[Stored items]
--------------------

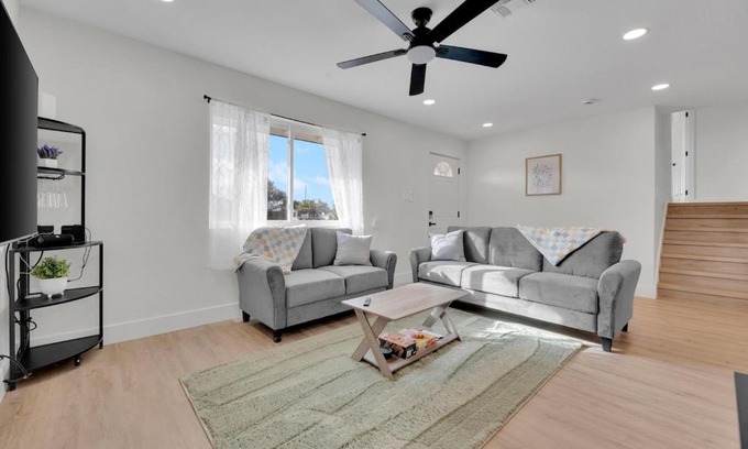 Modern 4BR3Ba Home with Pool and Fire Pit is located in Phoenix, just 15 miles from Phoenix Convention Center and 15 miles from Copper Square. This property offers access to a terrace, free private parking, and free Wifi. On clear days, guests can head outside to enjoy the vacation home's outdoor fireplace or simply kick back and relax. The air-conditioned vacation home consists of 4 bedrooms, a living room, a fully equipped kitchen with a dishwasher and a coffee machine, and 3 bathrooms with a walk-in shower and free toiletries. A flat-screen TV with streaming services is offered. The vacation home offers bed linen, towels, and laundry service. In addition to a year-round outdoor pool, the vacation home also offers outdoor play equipment. Musical Instrument Museum is 5.5 miles from Modern 4BR3Ba Home with Pool and Fire Pit, while Wrigley Mansion is 8.8 miles from the property. Scottsdale Airport is 6.2 miles away.
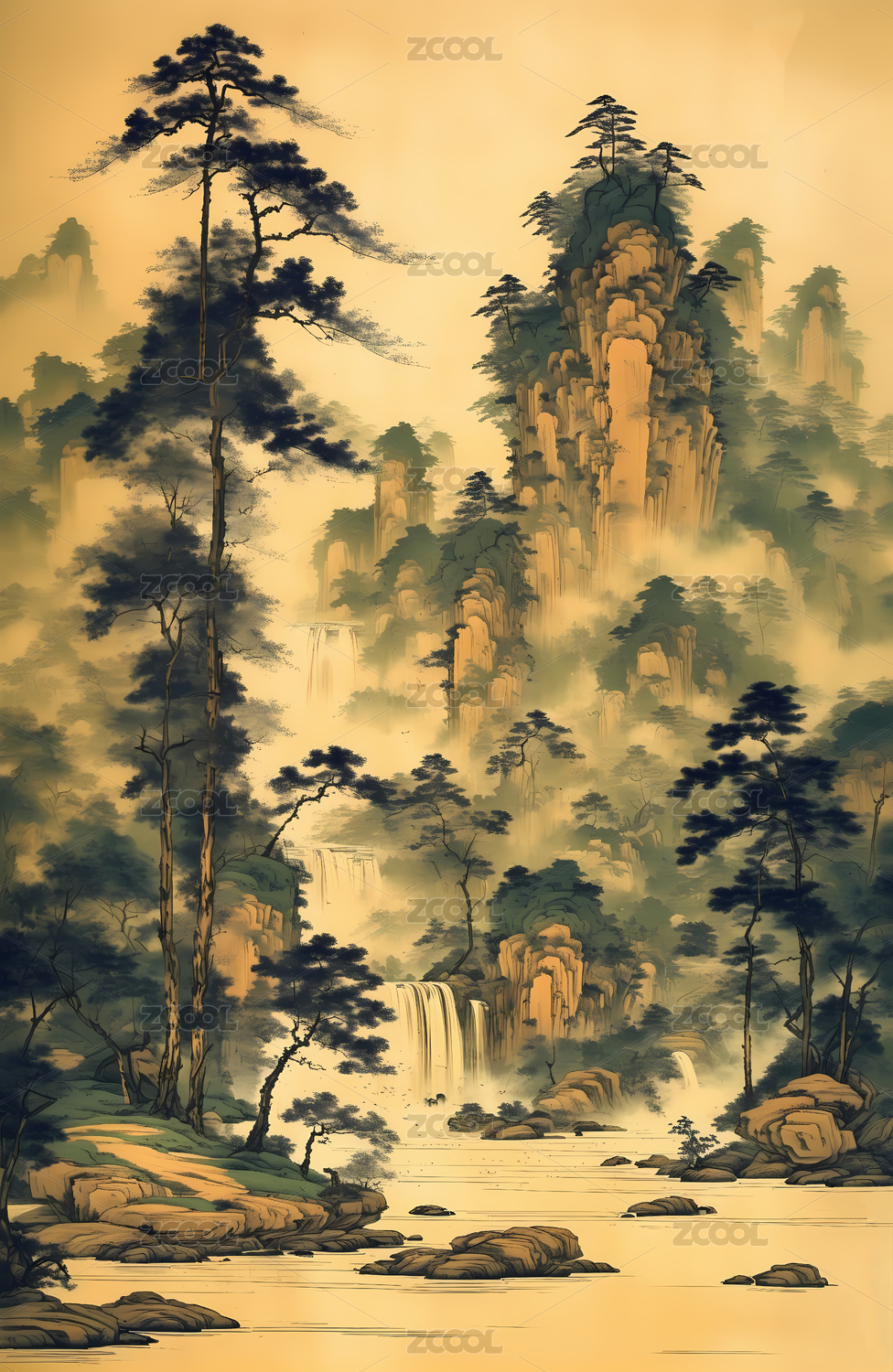 中式山水插画
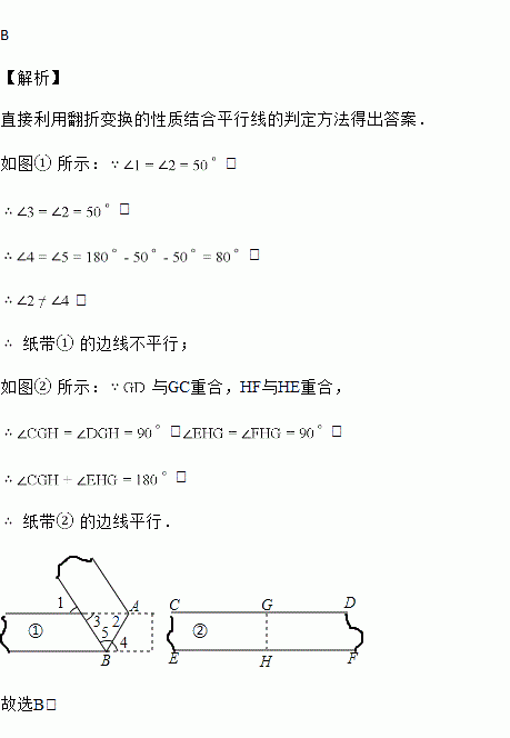 一次数学活动中,检验两条纸带①、②的边线是否平行,小明和小丽采用两种不同的方法如图:小明对纸带①沿AB折叠,量得∠1=∠2=50°;小丽对纸带②沿GH折叠,发现GD与GC重合,HF与HE重合.则下列判断正确的是( )
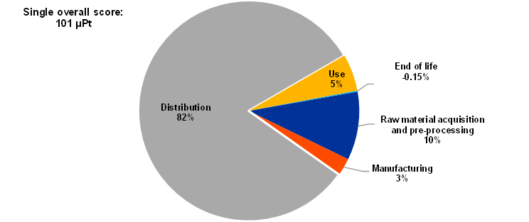 Percentage contribution of each life cycle stage to the single overall score
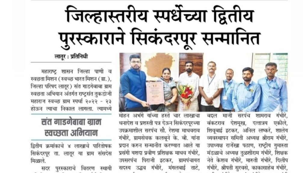 महाराष्ट्र शासनाच्या जिल्हा पाणी व स्वच्छता मिशन (स्वच्छ भारत मिशन–ग्रामीण) तसेच जिल्हा परिषद लातूर यांच्या संयुक्त विद्यमाने राबविण्यात आलेल्या संत गाडगेबाबा ग्राम स्वच्छता अभियान अंतर्गत आयोजित राष्ट्रसंत तुकडोजी महाराज स्वच्छ ग्राम स्पर्धा २०२२–२३ चा निकाल जाहीर झाला असून, या स्पर्धेत लातूर तालुक्यातील सिकंदरपूर ग्रामपंचायतीने जिल्हास्तरावर द्वितीय क्रमांक पटकावला आहे. या कामगिरीबद्दल गावाला ४ लाख रुपयांचे पारितोषिक प्रदान करण्यात आले.
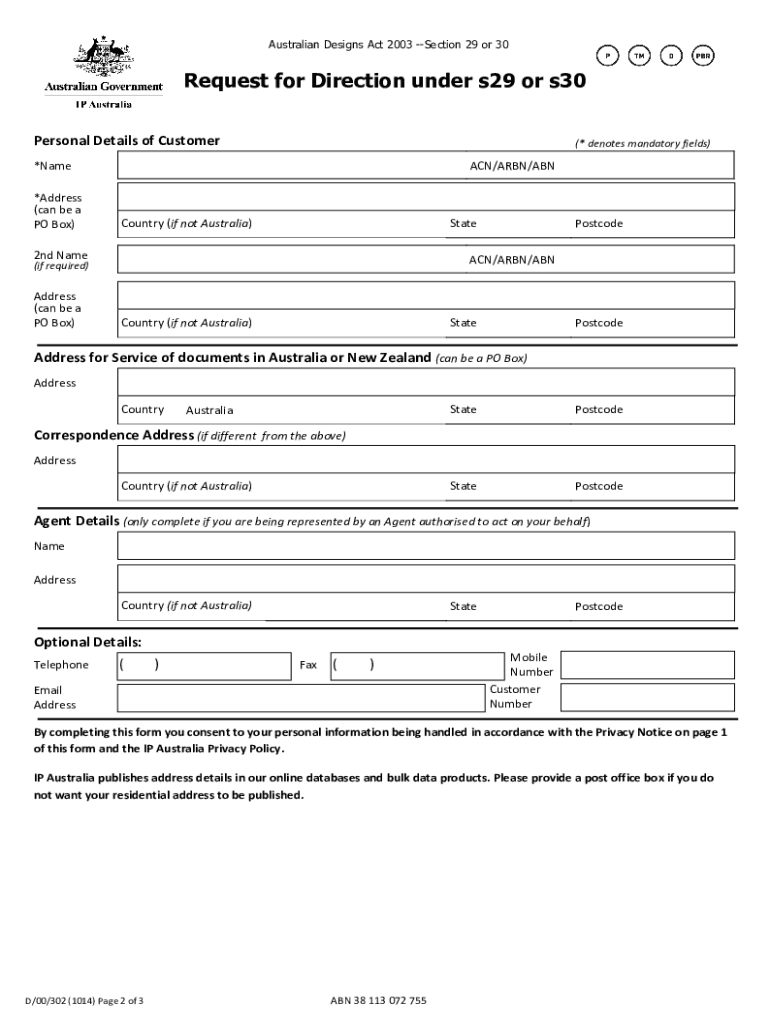 Australian Designs Act 2003, Section 29 or 30Request for Direction under s29 or s30 Privacy Notice The personal information collected on this form is collected for the purposes of the Designs Act
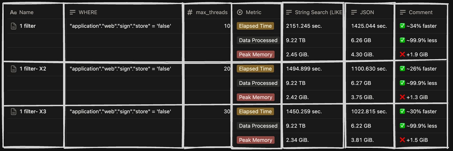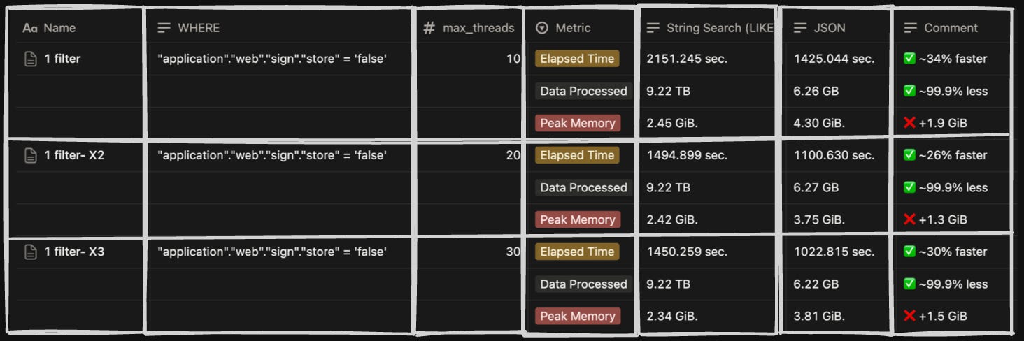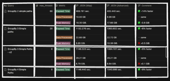 There were some big wins from opting for this format, which included better performance for aggregation and filtering of data; hence, operations like GROUP BY or WHERE clauses on specific JSON fields could be executed with high efficiency.
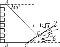 如图,一楼房AB后有一假山,其坡度为i=1∶
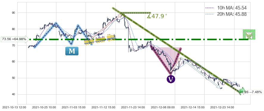 ♘ 阻力价格位73.56,可信任强度95.53%,距离最后交易2021-12-27 15:00形成的收盘价格44.59相差 +64.98%
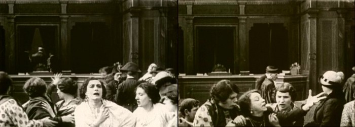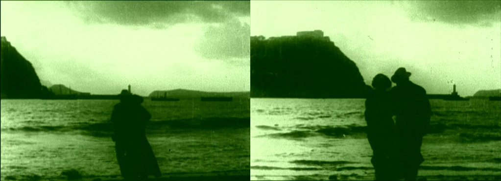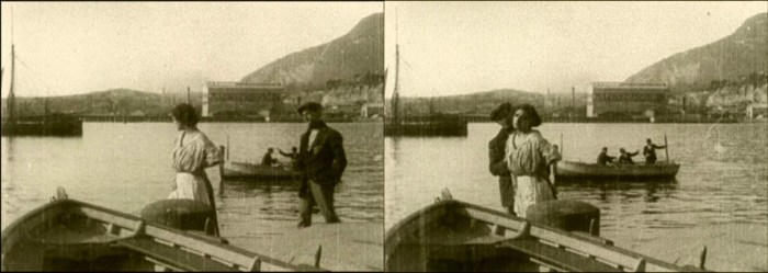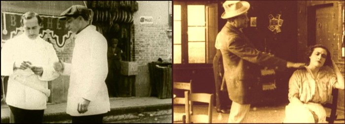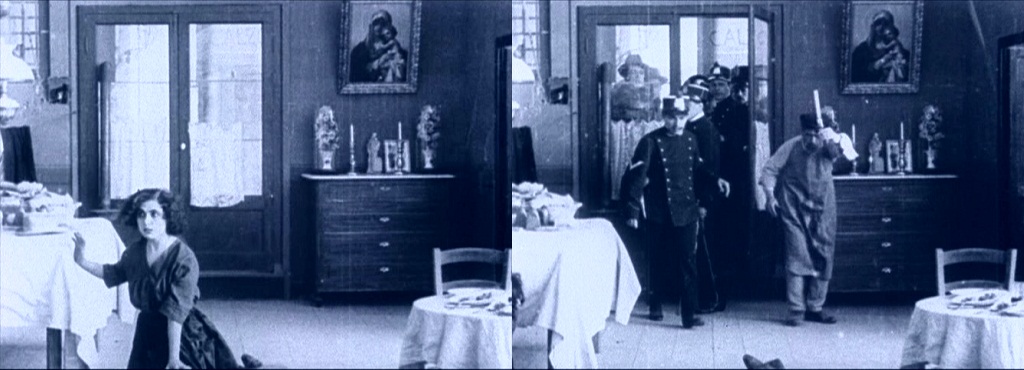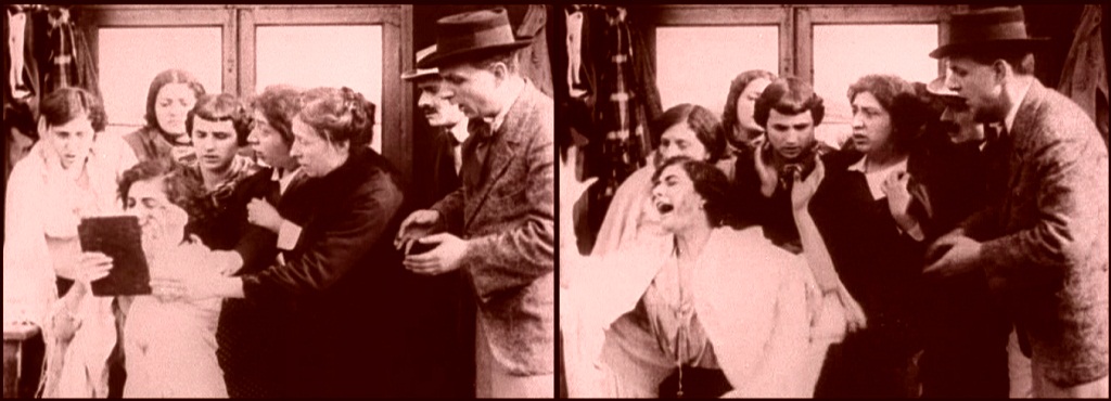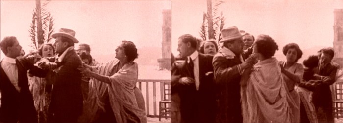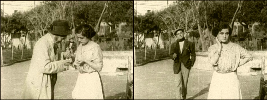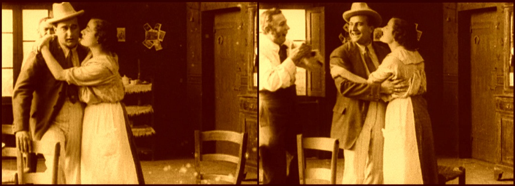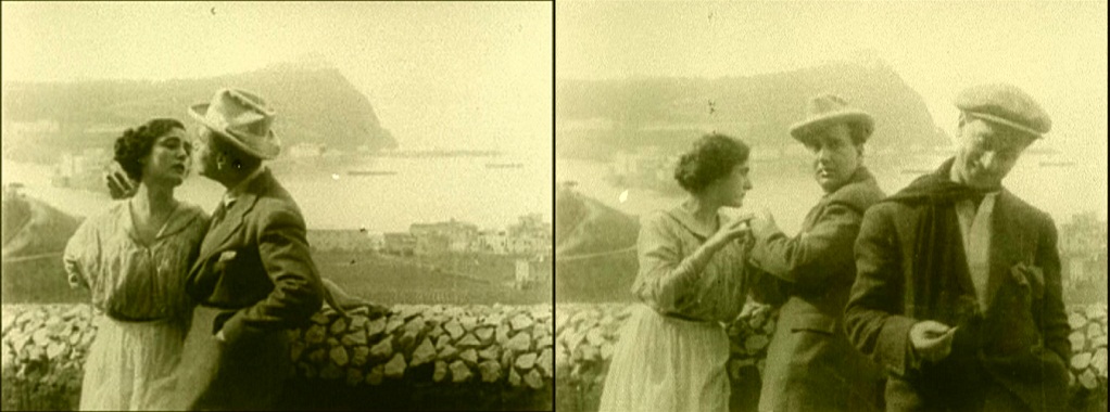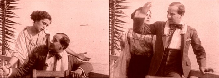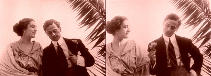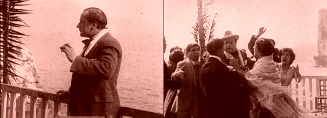 Above, three frames from monochrome tinted fragments of this one-reel film, which does not survive complete in either format.

--------------------

__WORK INSTRUCTIONS__
Print the data above from its first line through the line that has "Percentage contribution of", exactly and with nothing else, omitting pictures.

__TASK SOLUTION__
 Modern 4BR3Ba Home with Pool and Fire Pit is located in Phoenix, just 15 miles from Phoenix Convention Center and 15 miles from Copper Square. This property offers access to a terrace, free private parking, and free Wifi. On clear days, guests can head outside to enjoy the vacation home's outdoor fireplace or simply kick back and relax. The air-conditioned vacation home consists of 4 bedrooms, a living room, a fully equipped kitchen with a dishwasher and a coffee machine, and 3 bathrooms with a walk-in shower and free toiletries. A flat-screen TV with streaming services is offered. The vacation home offers bed linen, towels, and laundry service. In addition to a year-round outdoor pool, the vacation home also offers outdoor play equipment. Musical Instrument Museum is 5.5 miles from Modern 4BR3Ba Home with Pool and Fire Pit, while Wrigley Mansion is 8.8 miles from the property. Scottsdale Airport is 6.2 miles away.
 中式山水插画
 一次数学活动中,检验两条纸带①、②的边线是否平行,小明和小丽采用两种不同的方法如图:小明对纸带①沿AB折叠,量得∠1=∠2=50°;小丽对纸带②沿GH折叠,发现GD与GC重合,HF与HE重合.则下列判断正确的是( )
 Percentage contribution of each life cycle stage to the single overall score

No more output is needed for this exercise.